The robin parents hatched three chicks in the front-yard maple in late spring. The Preacher and I have never had such an intimate look at avian domesticity. Standing well back from the window, I peer in with fascination.

Faultlessly loyal in his role as fly-in provider, papa robin coaxes his mate up to the edge of the nest so he can feed the triplets. Mama huddles there, supervising - seemingly glad for the break.For three's a crowd, indeed.

During my first pregnancy, our neighbour expected her second child. Her tummy grew unusually cumbersome. My last pregnancy, she vowed. Never again. But I'd like a big family, at least four, said her husband.

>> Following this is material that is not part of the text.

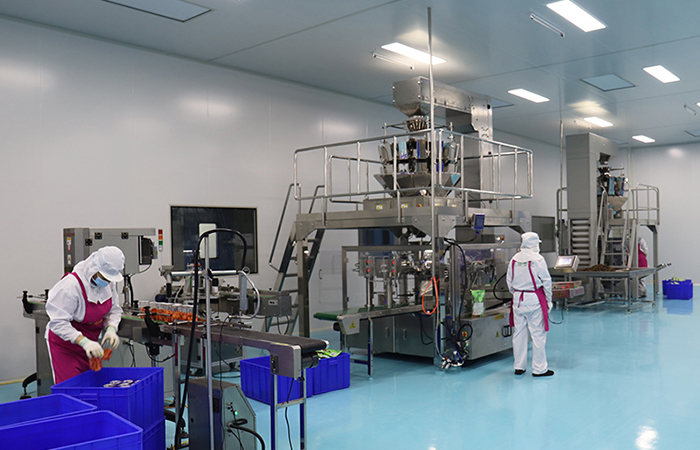 公司用巴氏殺菌技術(shù)來清理原材料,確保食材的衛(wèi)生。嚴(yán)格遵照GMP標(biāo)準(zhǔn),建造十萬級無塵凈化車間,每小時(shí)18次內(nèi)部空氣循環(huán),并配備風(fēng)淋室、除塵室等人員清潔室,對每一位進(jìn)入車間的人員進(jìn)行消毒、除塵,保證車間內(nèi)的潔凈程度。

In colossal humour, both got their way. Fatima - two weeks overdue - gave birth to an unexpected set of triplets. She wore pyjamas for a solid year. When she took the babies for a walk in their triple stroller, she added a housecoat.

The robin's nest, an almost weightless, neatly swirled circle of grasses, rests in a crotch of bark two limbs up, about ten feet off the ground. I worried plenty about it during the series of severe storms that recently battered our area. An umbrella of leaves doesn't protect much.

During the worst, a gale that threatened human life, I grabbed the binoculars and sat down in front of the window to add a little watching to my worrying. There sat Mrs. Robin, unmoving, wings outstretched over her offspring. When the wind lifted the nest almost at a right angle to the tree, she clung tight. Drenched to her pinfeathers, her beak ran water-droplets like a leaky faucet.

Whenever the blow took an intake of breath before its next big gust, in darted the sodden male, bearing take-out. To my astonishment, he first fed his mate. She ate, then lifted herself off the nest just high enough for the chicks to thrust their gaping mouths out from under her wings.

That storm chased over a hundred people from their homes near here. Many houses sustained irreparable damage and have since been condemned. Yet my avian neighbours' small circle of grasses remained intact - and so did the little family.

These are difficult times to keep a home together. Marriages have never before collapsed at the present rate. Battered by sundry storms, partners flee commitment, sacrificing future joy for present relief or passing pleasures. I grieve the brittle spirits, the inevitible from-bad-to-worse years, the wounds festering in childrens' bewildered hearts.

Two weather-beaten people I love celebrated their fifty-eighth anniversary this month. They remind me of the robins. They held hard to Jesus, fought storms together, and survived formidable enemy attacks. They even survived raising me.

Lord, give us robin-spirits. Our neighbours are watching.